◆ **Work instruction**
Restate the data below word for word. Leave the images out.

--- Given data Enclosed Below ---

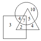 दिए गए चित्र में, वृत्त कारोबारियों को, त्रिभुज शिक्षित व्यक्तियों को और आयत 10000 रु० से अधिक प्रतिमाह आय वाले व्यक्तियों को दर्शाता है। प्रतिमाह 10000 रु० से अधिक आय वाले शिक्षित कारोबारियों की संख्या है।
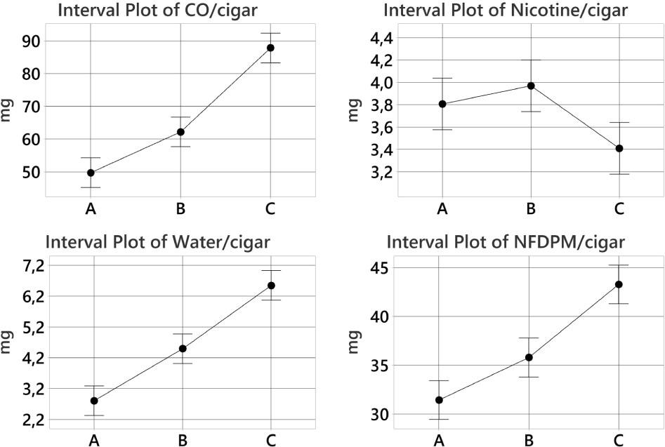 Plots of means and 95% CI, expressed in mg/cigar, of CO, nicotine, water and NFDPM in mainstream smoke of A, B, and C Cigars.
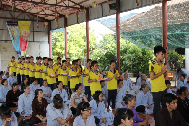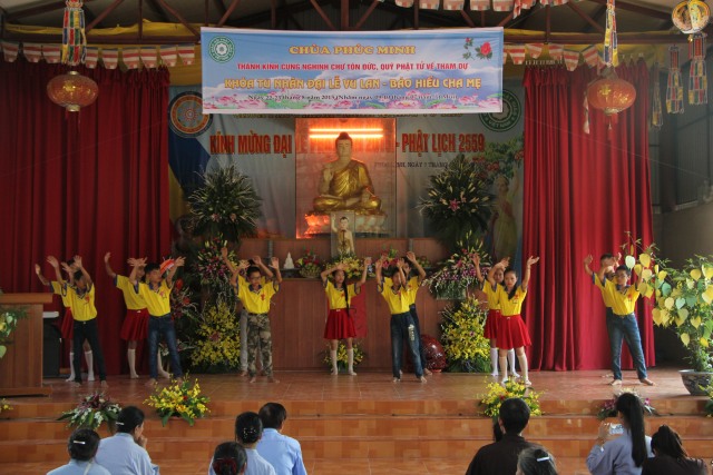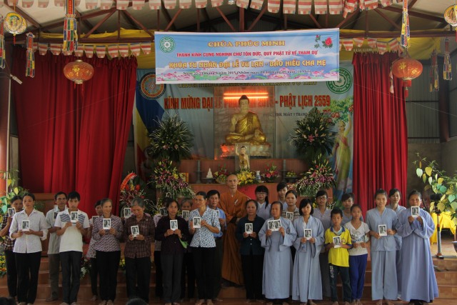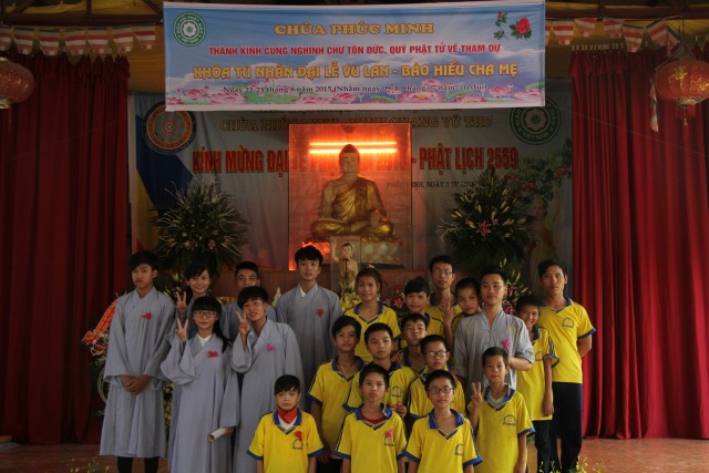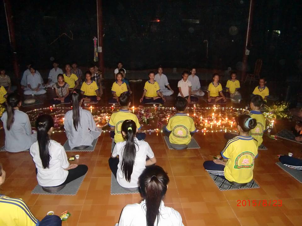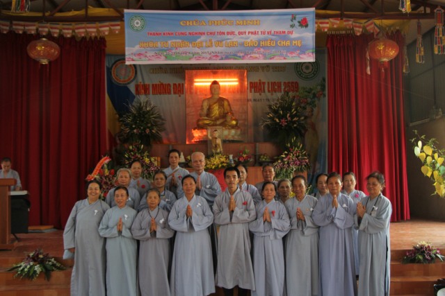Trong hai ngày 09-10/07/Ất Mùi (22-23/08/2015), các Phật tử về chùa tụng kinh Vu Lan – Báo Hiếu, nghe giảng về công ơn cha mẹ, dự lễ quy y Tam Bảo, lễ cài hoa hồng. Buổi tối 23/08, các bạn trẻ CLB TTNPT chùa Phúc Minh đã tổ chức một đêm tri ân – thiền trà hết sức đầm ấm tưởng nhớ ông bà, tổ tiên.
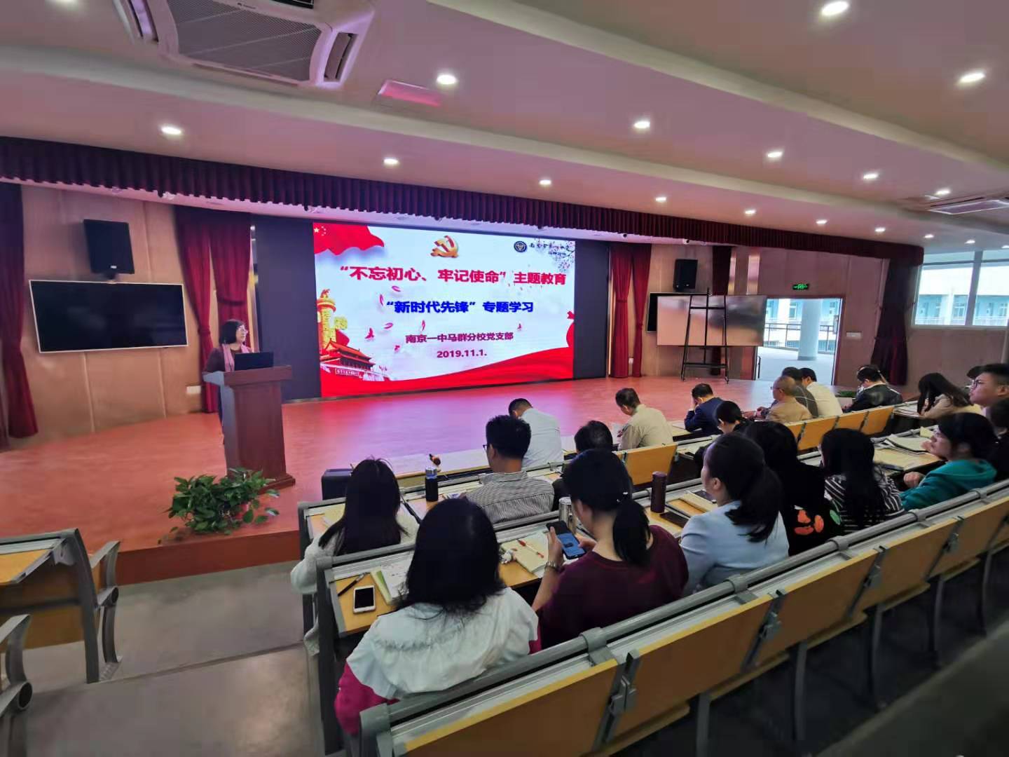 11月1日中午,南京一中马群分校党支部组织全体党员开展了“不忘初心、牢记使命”主题教育之“新时代先锋”专题学习。此次学习,我校党支部组织党员观看了《初心》视频。该视频回顾了中国一代又一代共产党人的奋斗历程,回顾了恽代英、周恩来、吴仁宝、赵亚夫等共产党员的事迹。无论是战争年代,还是新中国成立后,中国永远不会缺乏不舍初心为人民谋取幸福的共产党人。他们永远为中华民族复兴的巨轮,指引着前进的方向。

--- End of Enclosed Given data ---

◆ **Expected answer**
 दिए गए चित्र में, वृत्त कारोबारियों को, त्रिभुज शिक्षित व्यक्तियों को और आयत 10000 रु० से अधिक प्रतिमाह आय वाले व्यक्तियों को दर्शाता है। प्रतिमाह 10000 रु० से अधिक आय वाले शिक्षित कारोबारियों की संख्या है।
 Plots of means and 95% CI, expressed in mg/cigar, of CO, nicotine, water and NFDPM in mainstream smoke of A, B, and C Cigars.
Trong hai ngày 09-10/07/Ất Mùi (22-23/08/2015), các Phật tử về chùa tụng kinh Vu Lan – Báo Hiếu, nghe giảng về công ơn cha mẹ, dự lễ quy y Tam Bảo, lễ cài hoa hồng. Buổi tối 23/08, các bạn trẻ CLB TTNPT chùa Phúc Minh đã tổ chức một đêm tri ân – thiền trà hết sức đầm ấm tưởng nhớ ông bà, tổ tiên.
 11月1日中午,南京一中马群分校党支部组织全体党员开展了“不忘初心、牢记使命”主题教育之“新时代先锋”专题学习。此次学习,我校党支部组织党员观看了《初心》视频。该视频回顾了中国一代又一代共产党人的奋斗历程,回顾了恽代英、周恩来、吴仁宝、赵亚夫等共产党员的事迹。无论是战争年代,还是新中国成立后,中国永远不会缺乏不舍初心为人民谋取幸福的共产党人。他们永远为中华民族复兴的巨轮,指引着前进的方向。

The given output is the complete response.